On Ergodic Sum Capacity of Fading Cognitive Multiple-Access and Broadcast Channels

Abstract

This paper studies the information-theoretic limits of a cognitive radio (CR) network under spectrum sharing with an existing primary radio network for wireless communications. In particular, the fading cognitive multiple-access channel (C-MAC) is first studied, where multiple CRs transmit to the base station (BS) under both individual transmit-power constraints and a set of interference-power constraints each applied at one of the primary user receivers. For the fading primary and secondary user channels, we consider the long-term (LT) or the short-term (ST) transmit-power constraint over the fading states at each secondary transmitter, combined with the LT or ST interference-power constraint at each primary receiver.

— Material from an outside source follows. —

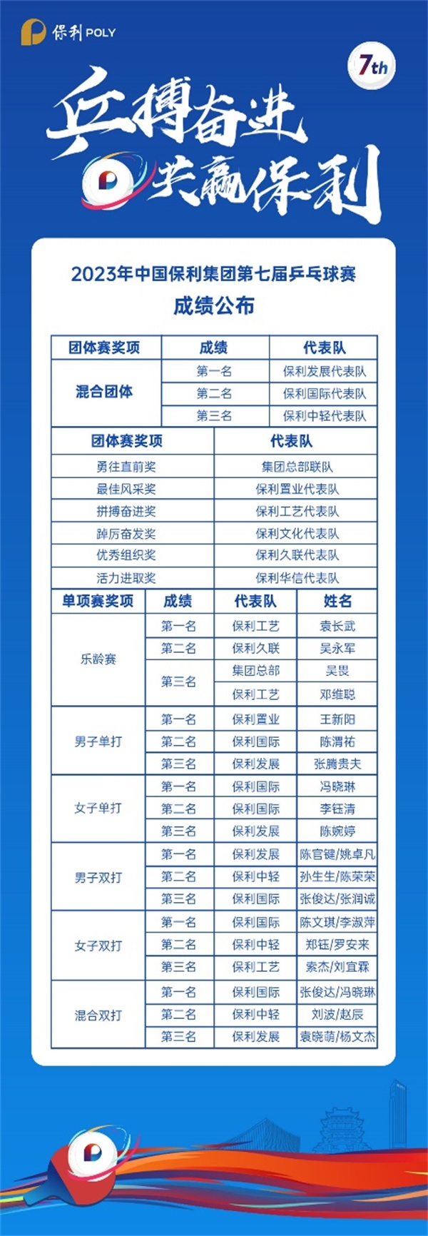 保利集團(tuán)第七屆乒乓球比賽獲獎情況
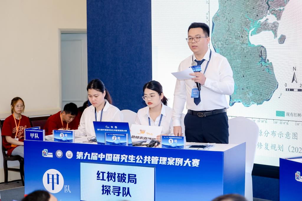 在决赛现场,“红树破局探寻队”的案例《百年红树何以焕发新生机:探寻湛江红树林绿色发展与蓝色生计协同发展之路》最终斩获全国二等奖。该队由指导老师李生辉、杜军、陈士银,MPA学生许晓林、洪桂翡、吴碧云、吴玉白、宋雪、高彪组成。在备赛过程中,旅游管理专业2023级本科生陈玮杰、康锦阳、黄日昇参与调研和资料搜集工作。同时,两个获奖案例均获得“中国专业学位案例中心公共管理案例库”入库申请的资格。

In each case, we characterize the ergodic sum capacity of the corresponding fading C-MAC, which is defined as the maximum sum-rate of CR users averaged over all the fading sates. Furthermore, we derive in each case the conditions for the optimality of the time-division-multiple-access (TDMA) scheme in the secondary network, i.e., when it is optimal to schedule at most one CR user for transmission at each time to achieve the ergodic sum capacity. The fading cognitive broadcast channel (C-BC) that models the downlink transmissions in the secondary network is then studied under the LT/ST transmit-power constraint at the BS jointly with the LT/ST interference-power constraint at each of the primary receivers. It is shown that TDMA is indeed optimal for achieving the ergodic sum capacity of the fading C-BC for all combinations of transmit-power and interference-power constraints. Numerical results show that the proposed dynamic power and rate allocation schemes achieve substantial throughput gains compared to some fixed resource allocation schemes in fading CR networks.